--- Task objective ---
Restate the full listing word for word and leave the pictures out.

--- Input data ---
/---
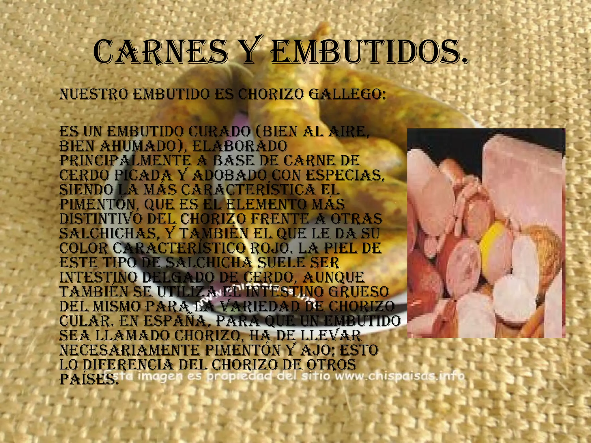 El documento describe el chorizo gallego, un embutido curado hecho principalmente de carne de cerdo picada y adobada con especias como el pimentón. Explica la historia del chorizo desde sus orígenes en la prehistoria hasta su popularidad en la antigua Roma y su posterior expansión a Europa y América. También incluye una receta detallada para hacer chorizos caseros rellenando tripas naturales con la mezcla de carne y especias.
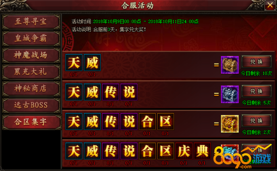 玩法:玩家通过击杀小怪、精英、BOSS收集字帖,达到相应条件兑换相应奖励,每日兑换有上限
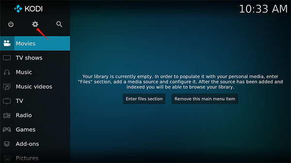 1、打开kodi播放器手机汉化版,进入主界面后选择左上方中间的齿轮
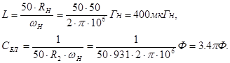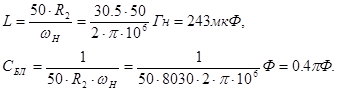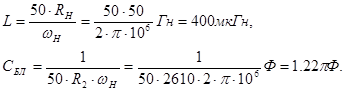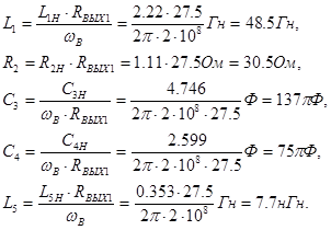 Номиналы реактивных элементов рассчитываются по формулам (2.25):
\---
--- Completed task ---
 El documento describe el chorizo gallego, un embutido curado hecho principalmente de carne de cerdo picada y adobada con especias como el pimentón. Explica la historia del chorizo desde sus orígenes en la prehistoria hasta su popularidad en la antigua Roma y su posterior expansión a Europa y América. También incluye una receta detallada para hacer chorizos caseros rellenando tripas naturales con la mezcla de carne y especias.
 玩法:玩家通过击杀小怪、精英、BOSS收集字帖,达到相应条件兑换相应奖励,每日兑换有上限
 1、打开kodi播放器手机汉化版,进入主界面后选择左上方中间的齿轮
 Номиналы реактивных элементов рассчитываются по формулам (2.25):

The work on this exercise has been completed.